ASSIGNMENT - Pictures excluded, retype the lines from the one containing "Москва. 10 июня." through the last line of the data below, both included.

SUPPLIED MATERIAL -
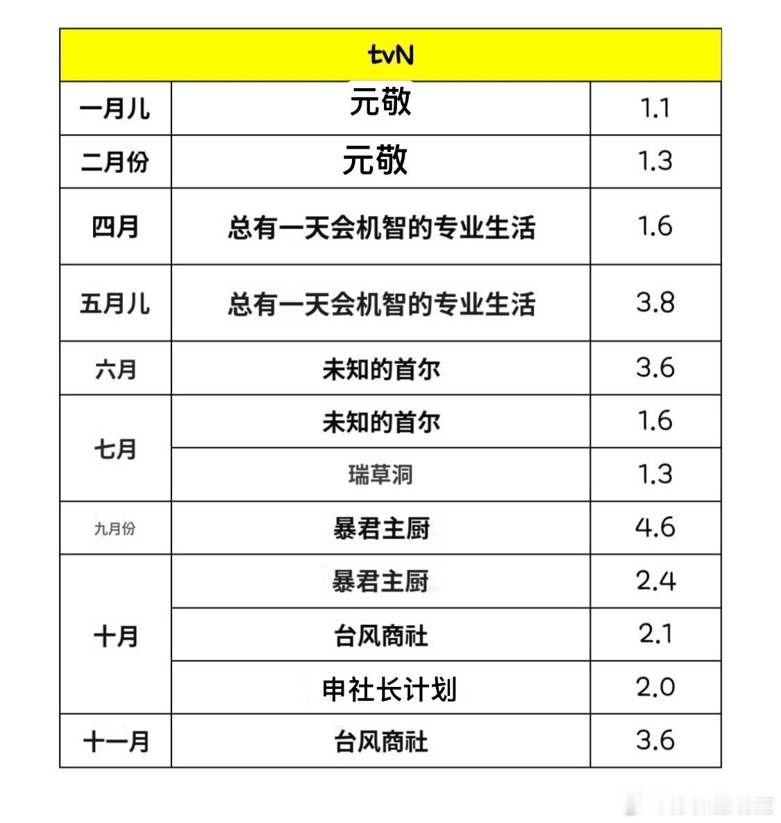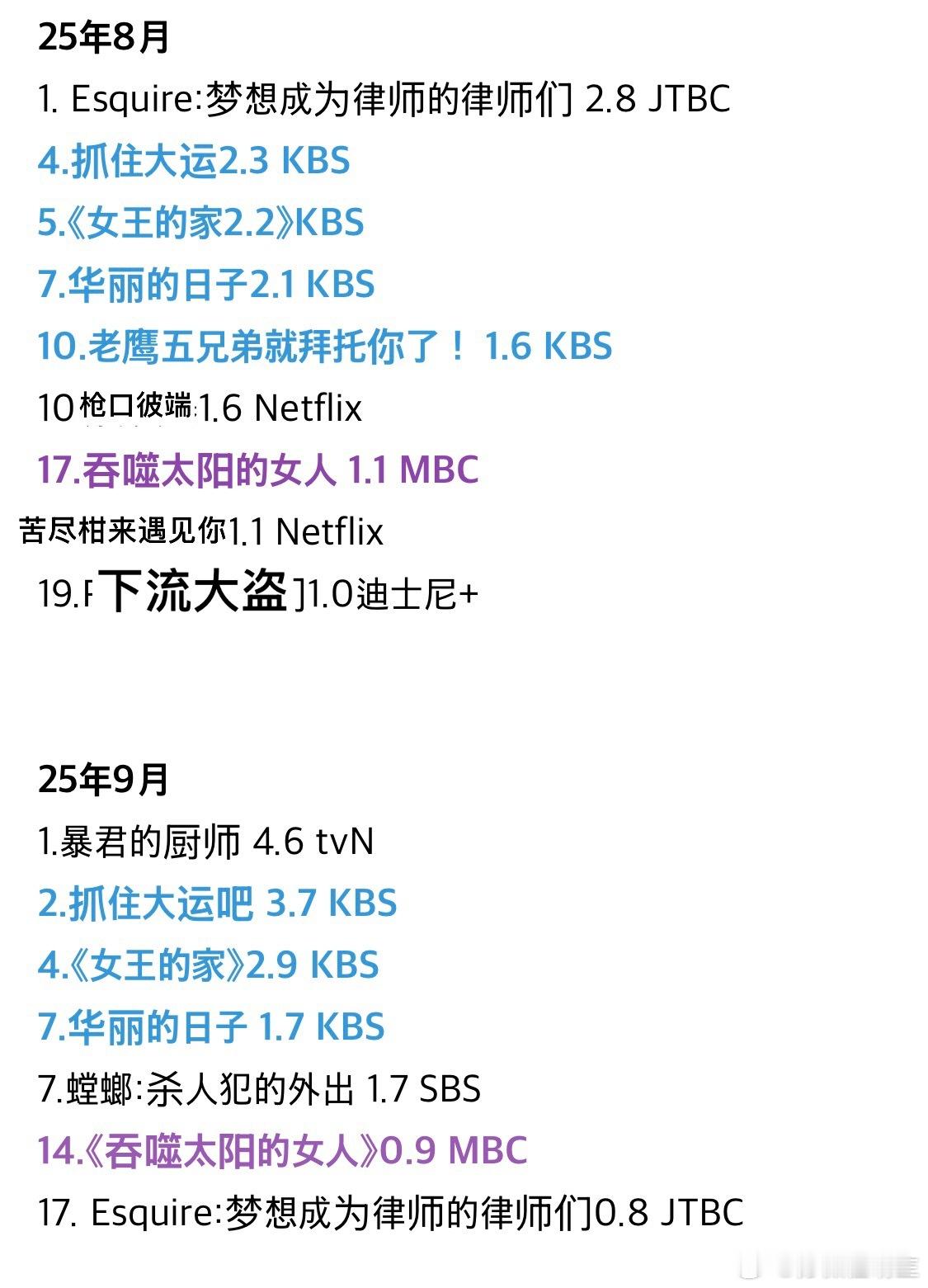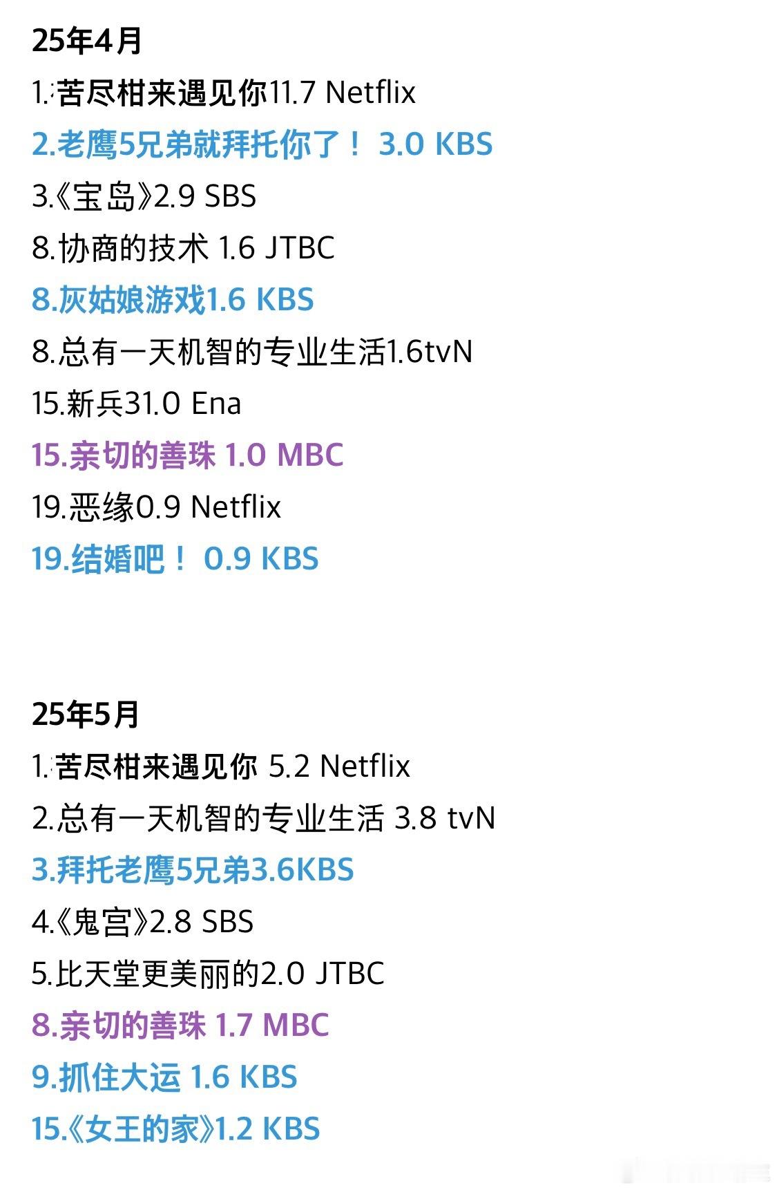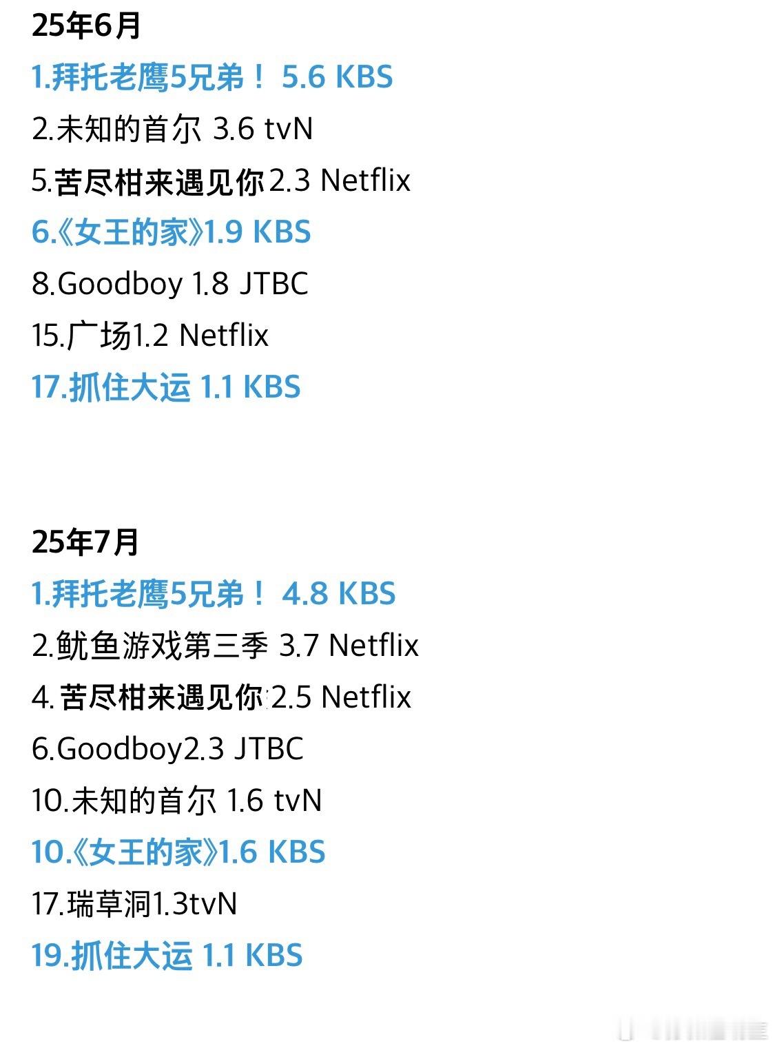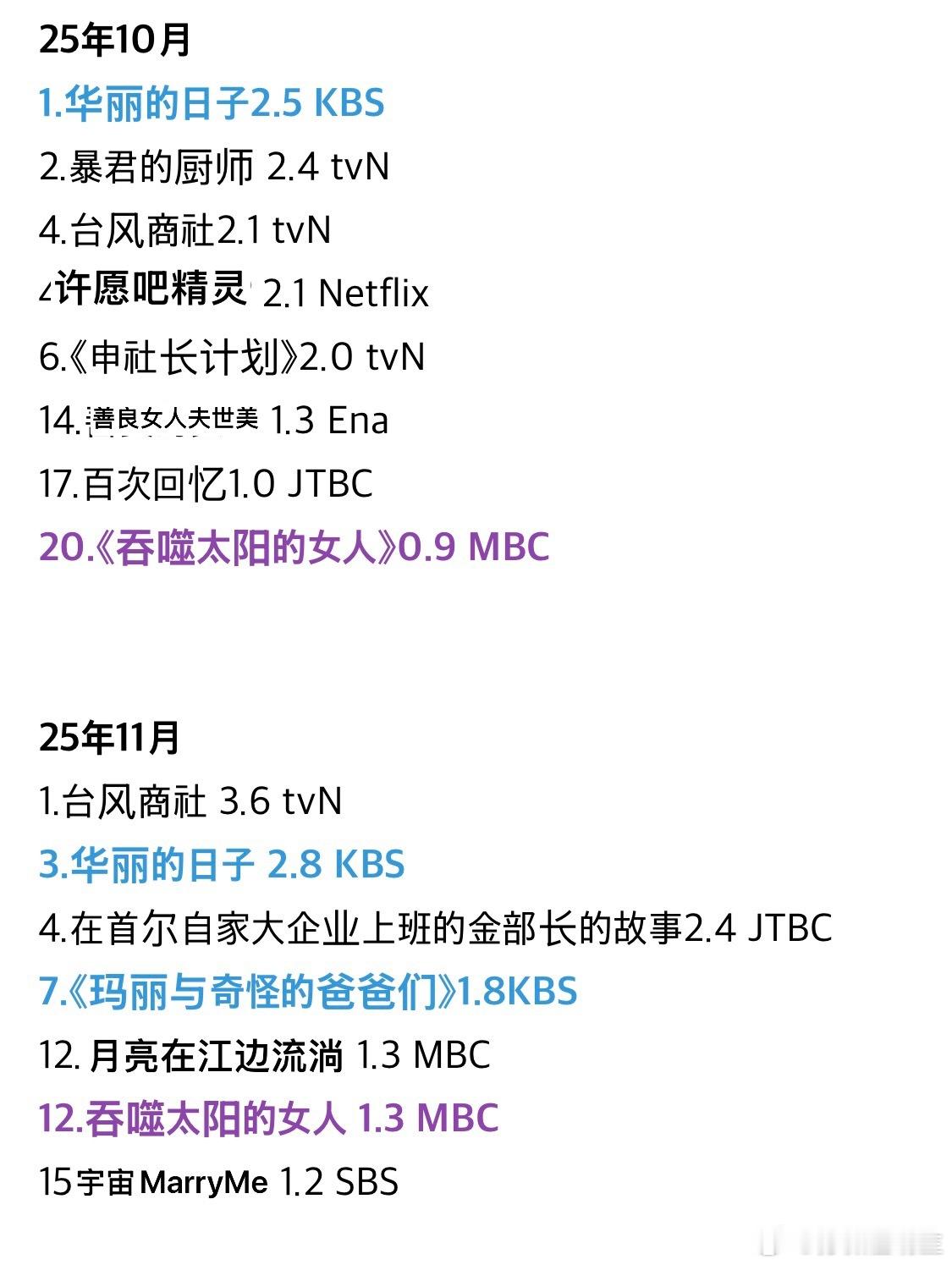 hgr总结的2025 OTT,各电视台『韩国人喜爱的节目』每月进入盖洛普的现状(~11月更新)前五名:苦尽柑来遇见你🍊进榜6次最高11.7鱿鱼游戏进榜3次最高5.6重症外伤中心进榜1次5.1暴君的主厨进榜2次最高4.6玉氏夫人传进榜2次最高4.3
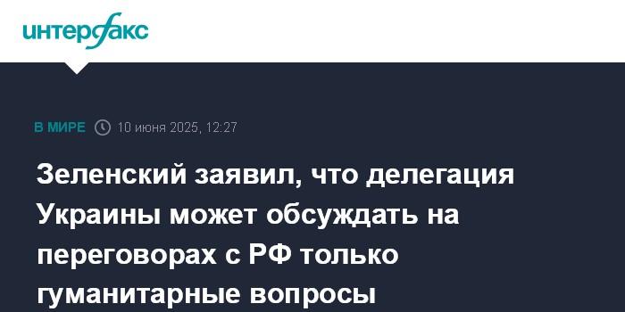 Москва. 10 июня. INTERFAX.RU - Украинская делегация на переговорах с РФ уполномочена обсуждать гуманитарные вопросы на основе украинского меморандума; мандата на обсуждение суверенитета и территориальной целостности Украины у нее нет, заявил президент Владимир Зеленский.
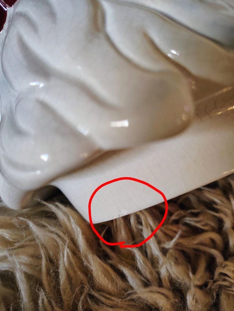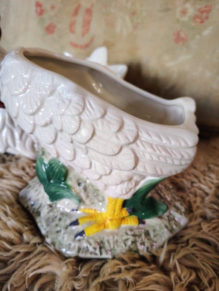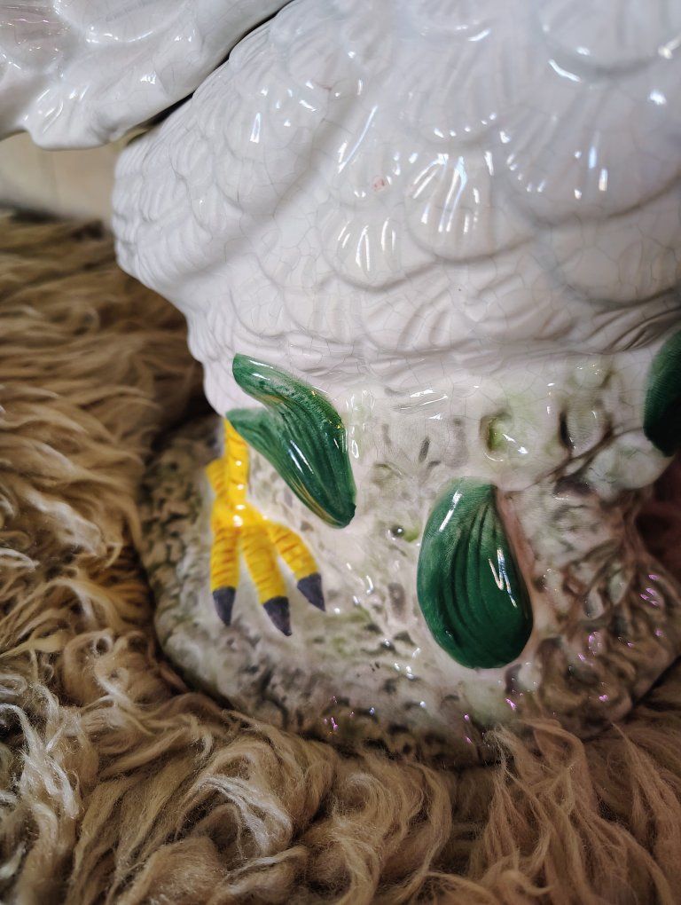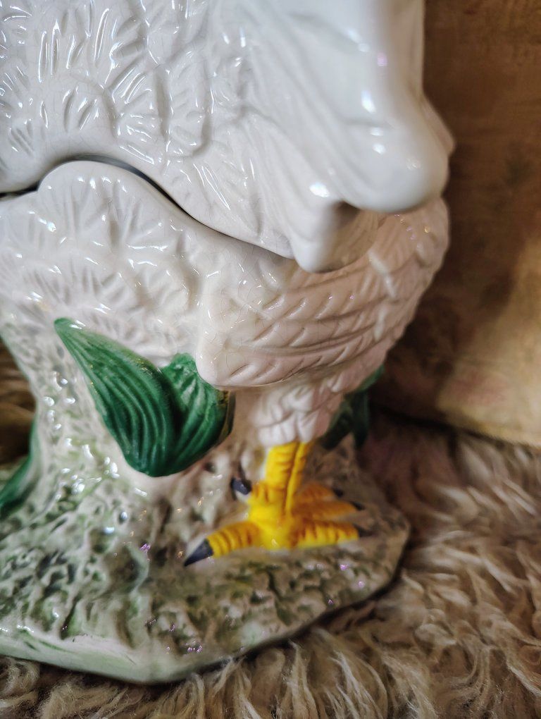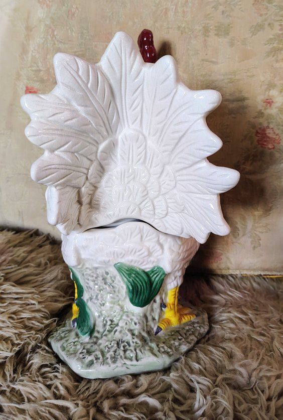 A vintage cookie jar stands approximately 14.5 inches tall. Its design—a white body with a textured red comb and wattle—is characteristic of mid-20th-century ceramic kitchenware often produced in Japan or by companies like Atlantic Mold. Dimensions: 14.5 H, 9 3/4 L, 7 W approximately. Origin: Many similar hand-painted ceramic pieces from the 1940s–1960s are marked as "Made in Japan". Tiny bit chips at the bottom of the upper body probably from the factory (see photo circled in red.)

RESPONSE BOX -
 Москва. 10 июня. INTERFAX.RU - Украинская делегация на переговорах с РФ уполномочена обсуждать гуманитарные вопросы на основе украинского меморандума; мандата на обсуждение суверенитета и территориальной целостности Украины у нее нет, заявил президент Владимир Зеленский.
 A vintage cookie jar stands approximately 14.5 inches tall. Its design—a white body with a textured red comb and wattle—is characteristic of mid-20th-century ceramic kitchenware often produced in Japan or by companies like Atlantic Mold. Dimensions: 14.5 H, 9 3/4 L, 7 W approximately. Origin: Many similar hand-painted ceramic pieces from the 1940s–1960s are marked as "Made in Japan". Tiny bit chips at the bottom of the upper body probably from the factory (see photo circled in red.)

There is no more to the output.